NEW FINANCIAL YEAR OFFER: No Six Park fees for three months if you fund a new account before the end of August.
After a four-month rally, global sharemarkets fell sharply in May on renewed concerns over global growth and a re-escalation in the US-China trade dispute. Australian shares and domestic bonds bucked the trend, lifting 1.5% and 1.7% respectively.
The Six Park portfolios had mixed performances in May, with our lower risk portfolios advancing and our higher risk portfolios (which have higher exposures to overseas equity) falling back. On a rolling 12-month basis, our portfolio returns are still up +5.5% to +9.3%.
Australian bonds and shares were the strongest performers in May. Global equities and emerging markets were weakest, with the latter falling -5.2% for the month and wiping off almost all its prior gains over the past 12 months.
(1) Results reflect ETF closing prices, not NAV, so may differ from those published by the ETF issuers.
Fixed income gained +1.7% for the month, boosted by investor expectations that the RBA would cut rates in June (which it now has) and possibly one to two more times over the coming months. Falling rates have a positive impact on bond prices given the inverse relationship between bond prices and yields (read more here).
Australian shares outperformed their global counterparts in May, rising +1.5%. The ASX200 rallied to record highs during the month, buoyed by the Coalition’s unanticipated federal election win (which removed investor uncertainty surrounding Labor’s planned changes to franking credit and capital gains tax laws). Resource stocks also benefited from rising commodity prices, particularly iron ore.
Global property added +1% for the month. While European and Asian REITs lost ground, US property stocks were broadly flat (against a very weak general market) and overall sector returns were boosted by a 1.7% decline in the AUD (which provided a currency benefit to overseas denominated assets).
Infrastructure stocks were down slightly for the month (-0.2%), with the deepening US/China trade spat weighing on port and transport operators.

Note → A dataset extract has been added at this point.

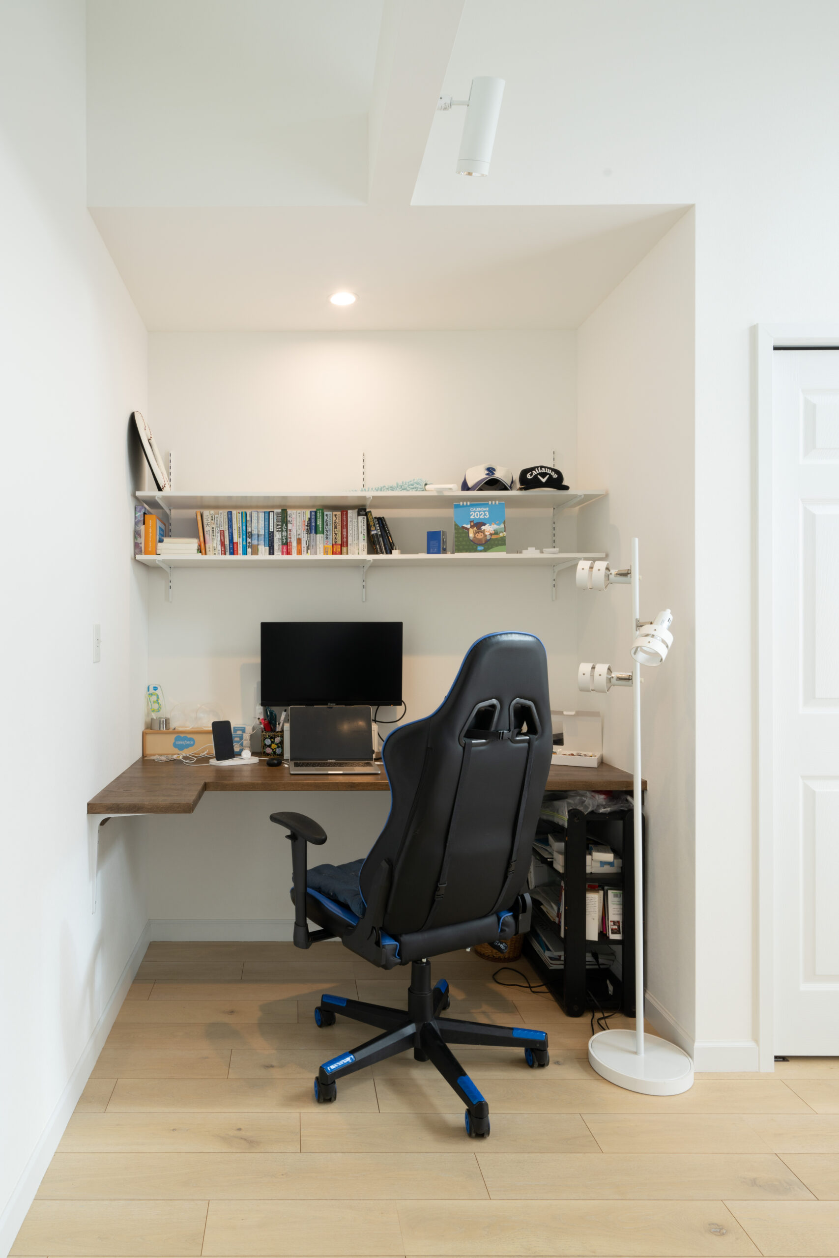 リモートのお仕事が増えたご主人。収納の横には、ワーキングスペースを設置しました。L字型のテーブルにすることで、広い作業スペースを確保できます。

International equities fell -3.7% in May, despite a 1.7% benefit from a weaker AUD. US markets were particularly weak, with S&P500 declining 5.5% and the Nasdaq losing 6.8%. Hopes of a resolution to the US-China trade dispute disappeared, with the US announcing a sharp increase in tariffs on Chinese imports and China announcing immediate retaliatory measures. Technology stocks were amongst the hardest hit, with the blacklisting of Chinese tech giant Huawei and signs of slowing global demand weighing heavily on market sentiment.
Emerging markets were down -5.2% for the month. Chinese stocks were especially weak as the deepening trade conflict with the US and weakening economic figures (notably industrial production growth which fell to 5.4% from 8.5% a month earlier) rattled investor demand. South Korean and Taiwanese stocks (which, combined with China, represent 57% of our emerging markets ETF) also fell sharply, dragged down by nervousness about the prospects of slowing global growth.